Grafik Ranking BWF Ginting Merosot hingga Peringkat 58, Comebacknya Bikin Tanda Tanya
Cedera jadi hambatan Ginting di BWF World Tour 2025 berpengaruh kepada ranking BWF miliknya hingga terjun ke peringkat 58 dunia.
Penulis:
Niken Thalia
Editor:
Arif Tio Buqi Abdulah
Bulan Juli 2025 di Japan Open 2025 jadi turnamen comeback Ginting setelah cedera panjang dengan hasil yang kurang memuaskan.
Namun Ginting tak patah arang dan terus aktif ikut serta dalam berbagai rentetan turnamen mulai China Open, Kejuaraan Dunia, Hong Kong Open, China Masters, Korea Open, Denmark dan French Open.

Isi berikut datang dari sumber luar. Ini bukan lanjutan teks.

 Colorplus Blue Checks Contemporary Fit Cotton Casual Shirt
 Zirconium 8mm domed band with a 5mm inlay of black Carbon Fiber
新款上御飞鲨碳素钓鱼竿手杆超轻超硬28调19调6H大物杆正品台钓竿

Sayangnya, kiprah Ginting dalam turnamen-turnamen tersebut tak pernah menghasilkan torehan mengesankan.
Dia jadi atlet yang langganan pulang cepat atau early exit karena sulitnya melewati babak 32 dan 16 besar di turnamen level berapapun.

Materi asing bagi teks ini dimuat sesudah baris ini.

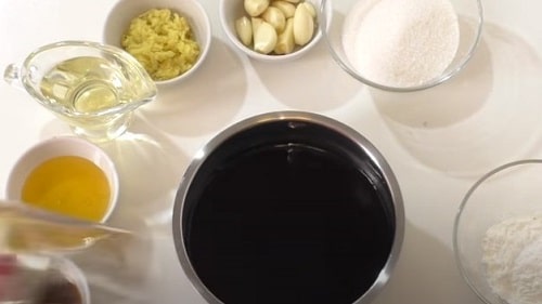 - Стільком людям крохмаль у воді, перелийте в соєвий соус. Додайте рисовий оцет, який допустимо замінити винним, якщо не знайдете. Покладіть імбир, ананасове пюре і сік, віджатий з свіжого фрукта.

Hasil itu tentu biki target Ginting meleset. Awalnya, dia bertekad berburu poin BWF agar bisa mendongkrak ranking BWF.
Justru peringkat dunia miliknya kian merosot hingga perlahan disalip oleh junior-juniornya.
Grafiknya mulai dari awal tahun 2025 berada di peringkat 9 dunia, bulan Juli menurun hingga ranking 50 dunia. Sampai paling pelik peringkat Ginting sempat terjun hingga posisi 88 dunia.
Sampai per 23 Desember 2025, ranking BWF milik Ginting saat ini di sektor tunggal putra berada di posisi 58 dunia.
Ginting Cedera Lagi
Akhir musim 2025 Ginting banyak memutuskan mundur dari turnamen BWF World Tour gegara cedera.
Beda lagi dengan cedera yang ia alami pada awal musim 2025, kini Ginting mengalami masalah dengan pinggangnya.
Sembari memulihkan kondisi pinggangnya, dia juga baru saja menemani istrinya melahirkan anak pertamanya.
Walhasil dua edisi beruntun Ginting tak bisa bersaing untuk lolos BWF World Tour Finals imbas minimnya jumlah turnamen dan poin BWF.
Terbaru, belum ada update dari PBSI terkait kondisi Ginting setelah dikabarkan mengalami masalah dengan pinggangnya.
Tanda Tanya Comeback Ginting
Dengan rentetan permasalahan yang ada, comeback Ginting di BWF World Tour 2026 masih jadi tanda tanya.
Bagaimana tidak, dengan peringkat dunia yang sudah terlempar dari 50 besar, Ginting kesulitan main di turnamen super 500 ke atas.